┌────────

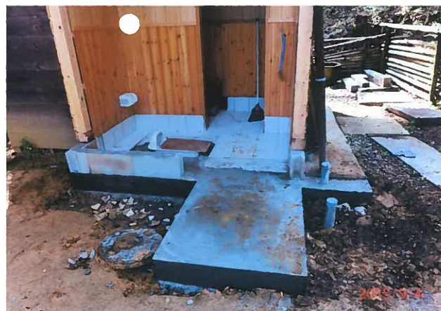
改修中(入口床コンクリート張)
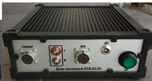
Рисунок 3 – Общий вид блока системного БСВ.А5.2U
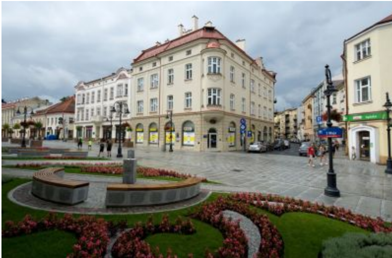
Ulica 3 Maja w 2018 r.
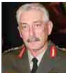
τ. Α/ΓΕΕΘΑ Στρατηγός Δημήτριος Γράψας
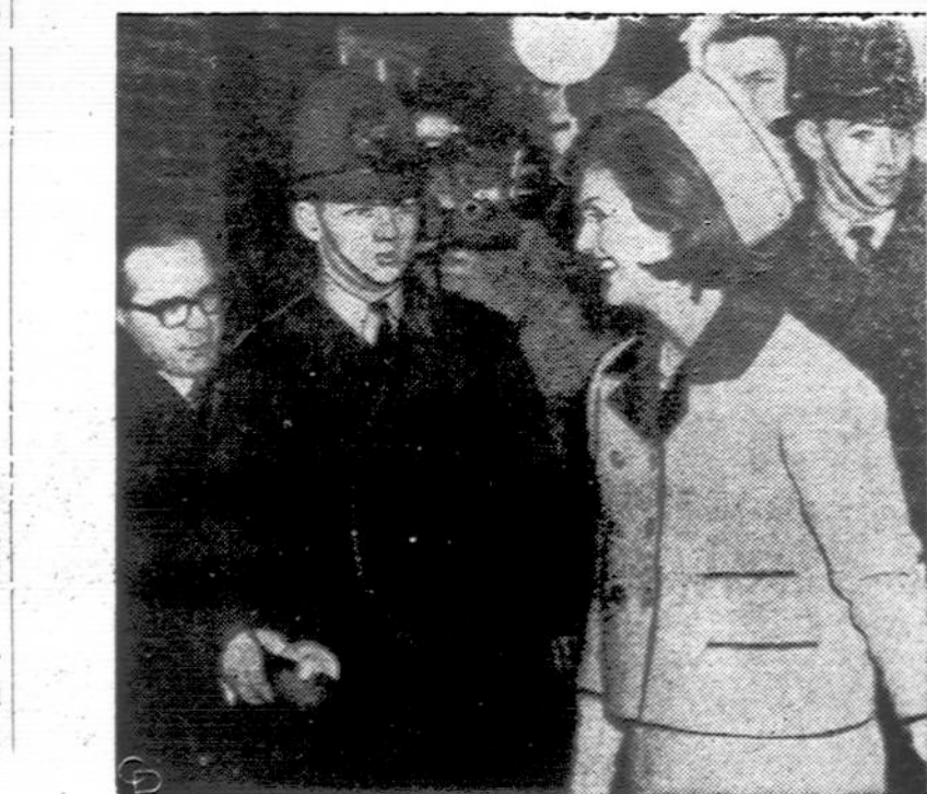
Mrs. Jacqueline Kennedy, JAV prezidento žmona, vakar iš Londono išskrido į Washingtoną.

Streikas, suparalizavęs 320 meksikiečių medvilnės jonių, trukęs dvi savaites baigtas praėjusį šeštadienį. Darbininkai, gavę atlyginimų padidinimą, grįžo darban pirmadienį.
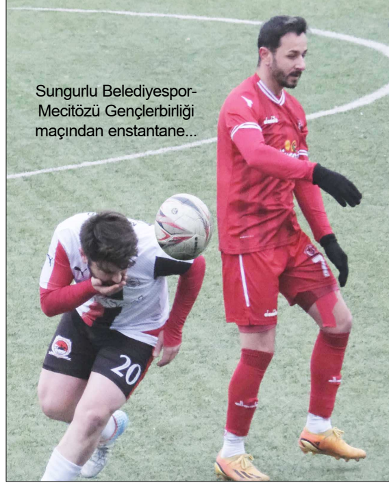
Sungurlu Belediyespor-Mecitözü Gençlerbirliği maçından enstantane...

ve Cuma kaydetti. Bu sonucun ardından 8'de 8 yapan Sungurlu Belediyespor 24 puana yükselirken, konuk Mecitözü 9 puanda kaldı. (Rifat KARA)
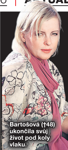
Bartošová (†48) ukončila svůj život pod koly vlaku.
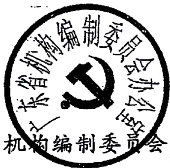
广东省机构编制委员会办公室
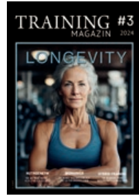
2. Jahrgang 2025

TRAINING MAGAZIN ist ein neu-gegründetes Special-Interest-Magazin, das Anfang 2024 aus der Fusion von TRAINER und FUNCTIONAL TRAINING MAGAZIN entstanden ist. Es wendet sich an Personal Trainer, Physiotherapeuten, Sportmediziner und ambitionierte Freizeitsportler. Der Inhalt setzt sich aus Berichten und Interviews zu Training in all seinen Facetten, Mobility, Conditioning, Ernährung und Rehabilitation zusammen. Online wird das neue TRAINING MAGAZIN flankiert von der etablierten Sportseite trainingsworld.com .
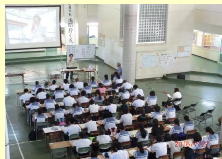
首里中学校リーダー研修会の様子 H28.7.27 於：首里中学校
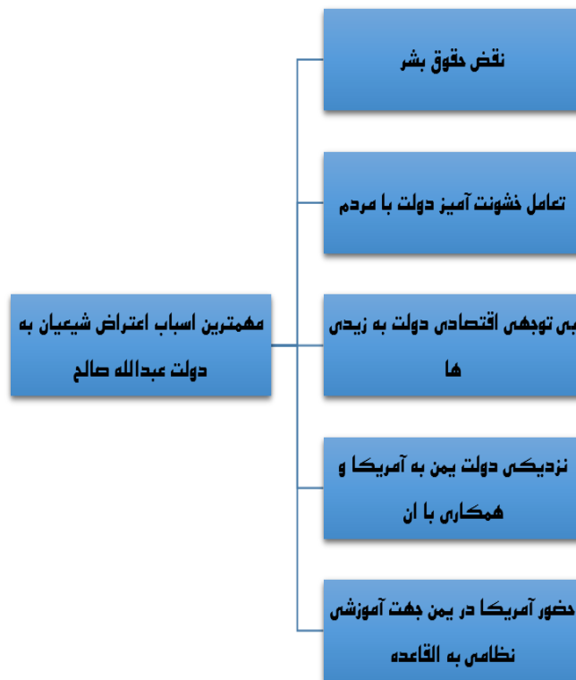
تصویر شماره ۴: مهم‌ترین دلایل اعتراض شیعیان در دولت علی عبدالله صالح

در سال ۲۰۰۴ حوثی‌های یمن در اعتراض به تبعیض دولت میان آنان و دیگر طوایف به مخالفت با دولت مرکزی یمن پرداختند. آنان به اموری چون سخت‌گیری دولت مرکزی نسبت به زیدی‌ها، تبعیض میان آنان و دیگر قبایل یمن، تعامل خشونت‌آمیز دولت با آنان، ارتباط نزدیک دولت به آمریکا، نقض حقوق بشر و مواردی از این قبیل اعتراض کردند که سبب بروز جنگ میان حوثی‌ها و دولت مرکزی شد و تا شش سال به طول انجامید و در سال ۲۰۱۰ به اتمام رسید (بیگی و باقری دانا، ۱۳۹۸: ۲۶۱).
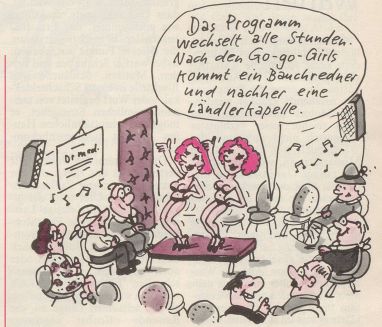
6 Attraktionen, Konzerte etc. im Wartezimmer ...
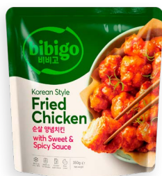
Pollo frito estilo coreano con salsa dulce y picante Bibigo Ref. 5381 - 10 x 350g

Salsa dolça i picant · Sweet and spicy sauce · Sauce sucrée et épicée
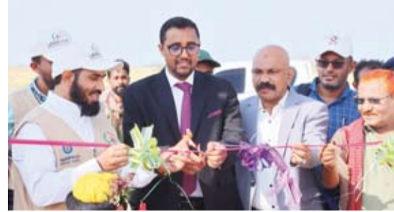
جانب من افتتاح القرية

المؤسسة لدعم الأسر الفقيرة والمحتاجة في اليمن، مشيراً إلى أن المشروع يهدف إلى توفير بيئة معيشية ملائمة وتحسين الظروف الحياتية لأهالي القرية. وأضاف أن هناك قريتين أخريين سيتم افتتاحهما خلال الأيام المقبلة، وذلك في إطار توسيع نطاق برنامج دعم الأسر الفقيرة والمحتاجة في اليمن، حيث تسعى هذه الجهات إلى تنفيذ مشاريع تنموية متكاملة تساهم في تحسين الظروف المعيشية للمواطنين اليمنيين، خاصة في المناطق التي تعاني من نقص الخدمات الأساسية.
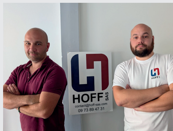
Hoff Sas - Travaux publics Sonnaz
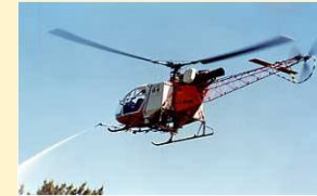
薬剤のヘリ空中散布
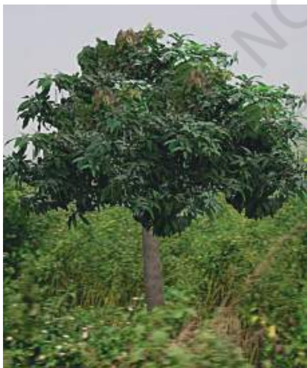
चित्र 7.3(a) : जंगली आम।
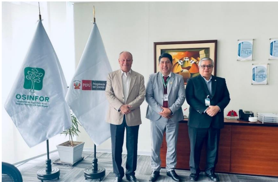
Imagen: Reunión con el jefe del Organismo de Supervisión de los Recursos Forestales y de Fauna Silvestre – OSINFOR (09.01.2025).

Asimismo, resaltó que este taller constituirá un espacio de coordinación que permitirá identificar puntos de trabajo en común, estudios comparativos para la medición de la tala ilegal, intercambio de información para la detección de actividades ilegales, además de conocer los avances tecnológicos para abordar esta problemática.
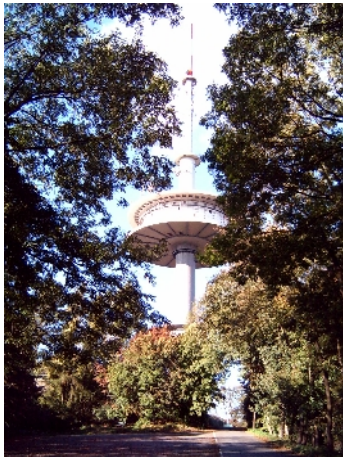
Fernmeldeturm auf dem Jakobsgberg / Wesergebirge
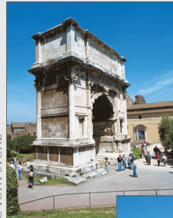
Titusbogen, Rom, 81 n. Chr.

Wenn du die drei Bauwerke betrachtest, erkennst du leicht ihre Gemeinsamkeiten, obwohl ihre Bauzeit fast 2000 Jahre auseinanderliegt.

└────────

Return, in full, every line of these entries that holds "Belediyespor".

## Response
Sungurlu Belediyespor-Mecitözü Gençlerbirliği maçından enstantane...
ve Cuma kaydetti. Bu sonucun ardından 8'de 8 yapan Sungurlu Belediyespor 24 puana yükselirken, konuk Mecitözü 9 puanda kaldı. (Rifat KARA)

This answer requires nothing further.